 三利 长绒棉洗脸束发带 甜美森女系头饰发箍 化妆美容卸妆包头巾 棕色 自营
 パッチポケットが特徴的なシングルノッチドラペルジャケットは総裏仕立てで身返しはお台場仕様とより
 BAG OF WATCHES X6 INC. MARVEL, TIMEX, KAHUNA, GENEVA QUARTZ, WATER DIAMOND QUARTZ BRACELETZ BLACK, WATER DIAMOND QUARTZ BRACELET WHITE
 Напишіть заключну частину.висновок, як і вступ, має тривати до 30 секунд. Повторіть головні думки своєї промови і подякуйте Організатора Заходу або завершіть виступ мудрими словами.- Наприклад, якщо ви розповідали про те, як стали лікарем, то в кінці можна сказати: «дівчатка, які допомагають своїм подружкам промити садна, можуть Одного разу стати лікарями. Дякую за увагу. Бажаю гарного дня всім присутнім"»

...

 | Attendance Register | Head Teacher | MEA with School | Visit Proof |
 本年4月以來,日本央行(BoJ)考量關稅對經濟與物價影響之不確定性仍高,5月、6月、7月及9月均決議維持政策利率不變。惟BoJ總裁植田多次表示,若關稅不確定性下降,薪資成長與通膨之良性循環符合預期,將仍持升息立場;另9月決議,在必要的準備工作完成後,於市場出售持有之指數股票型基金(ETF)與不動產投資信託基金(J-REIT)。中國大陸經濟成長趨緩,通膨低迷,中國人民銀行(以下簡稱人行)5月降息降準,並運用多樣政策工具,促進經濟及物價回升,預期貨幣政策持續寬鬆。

...

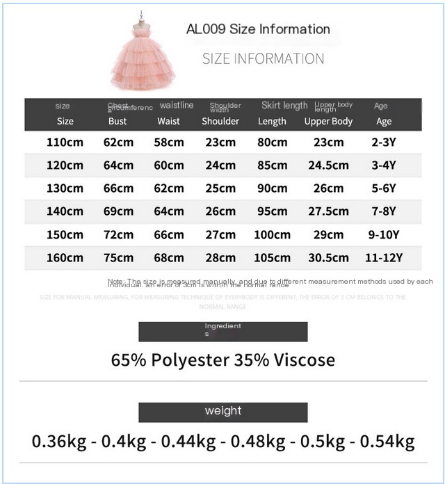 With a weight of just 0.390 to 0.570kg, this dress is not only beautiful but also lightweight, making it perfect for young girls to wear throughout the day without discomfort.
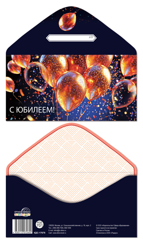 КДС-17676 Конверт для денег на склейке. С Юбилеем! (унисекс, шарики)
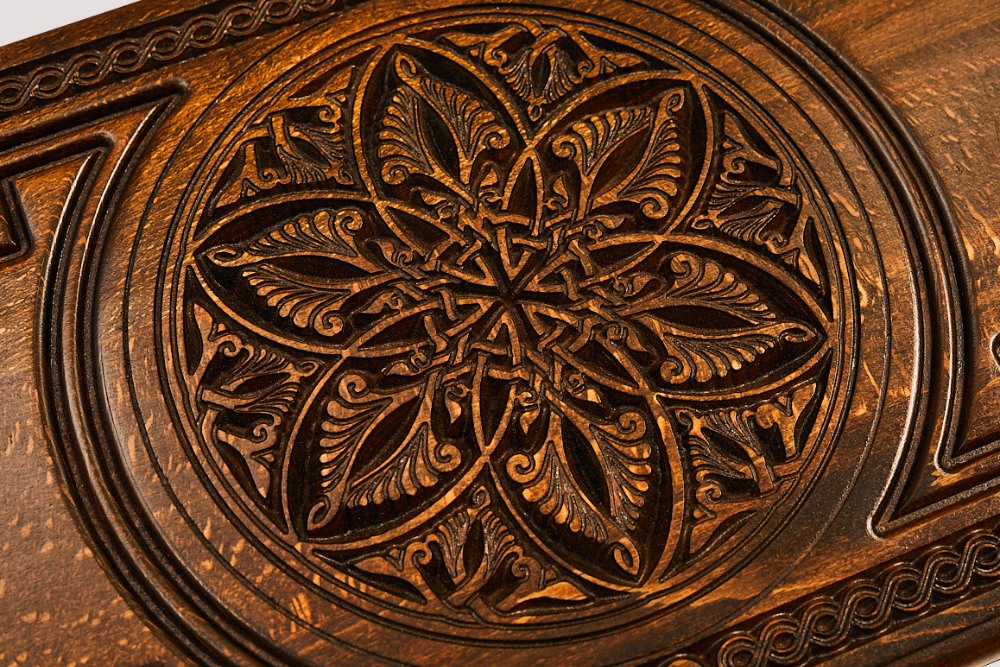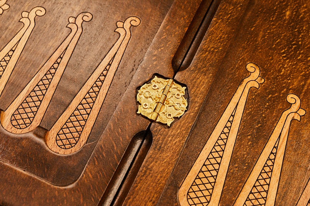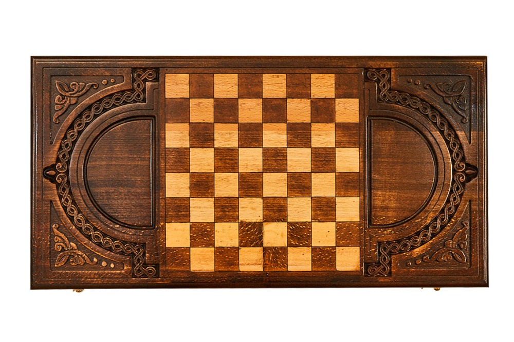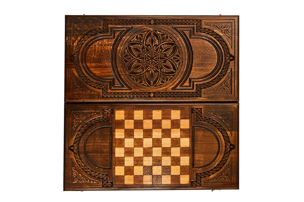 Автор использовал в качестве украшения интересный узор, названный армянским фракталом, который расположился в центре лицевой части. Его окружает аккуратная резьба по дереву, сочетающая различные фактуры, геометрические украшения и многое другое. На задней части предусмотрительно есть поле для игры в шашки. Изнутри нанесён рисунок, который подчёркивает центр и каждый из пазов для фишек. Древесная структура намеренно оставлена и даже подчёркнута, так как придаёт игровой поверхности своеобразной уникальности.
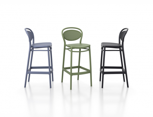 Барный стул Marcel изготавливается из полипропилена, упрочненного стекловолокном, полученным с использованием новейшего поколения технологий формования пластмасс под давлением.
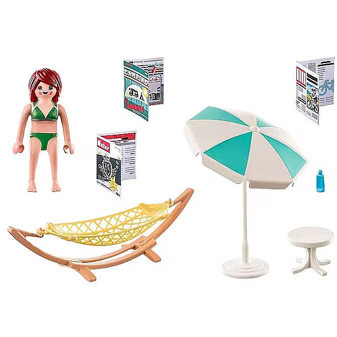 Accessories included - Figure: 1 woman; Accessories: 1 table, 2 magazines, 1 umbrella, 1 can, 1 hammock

* _The task_
Look above for the line holding "Visit Proof |" and the line holding "本年4月以來,日本央行(Bo". Retype both, and every line between them, word for word and nothing else.

* _Output of the exercise_
 | Attendance Register | Head Teacher | MEA with School | Visit Proof |
 本年4月以來,日本央行(BoJ)考量關稅對經濟與物價影響之不確定性仍高,5月、6月、7月及9月均決議維持政策利率不變。惟BoJ總裁植田多次表示,若關稅不確定性下降,薪資成長與通膨之良性循環符合預期,將仍持升息立場;另9月決議,在必要的準備工作完成後,於市場出售持有之指數股票型基金(ETF)與不動產投資信託基金(J-REIT)。中國大陸經濟成長趨緩,通膨低迷,中國人民銀行(以下簡稱人行)5月降息降準,並運用多樣政策工具,促進經濟及物價回升,預期貨幣政策持續寬鬆。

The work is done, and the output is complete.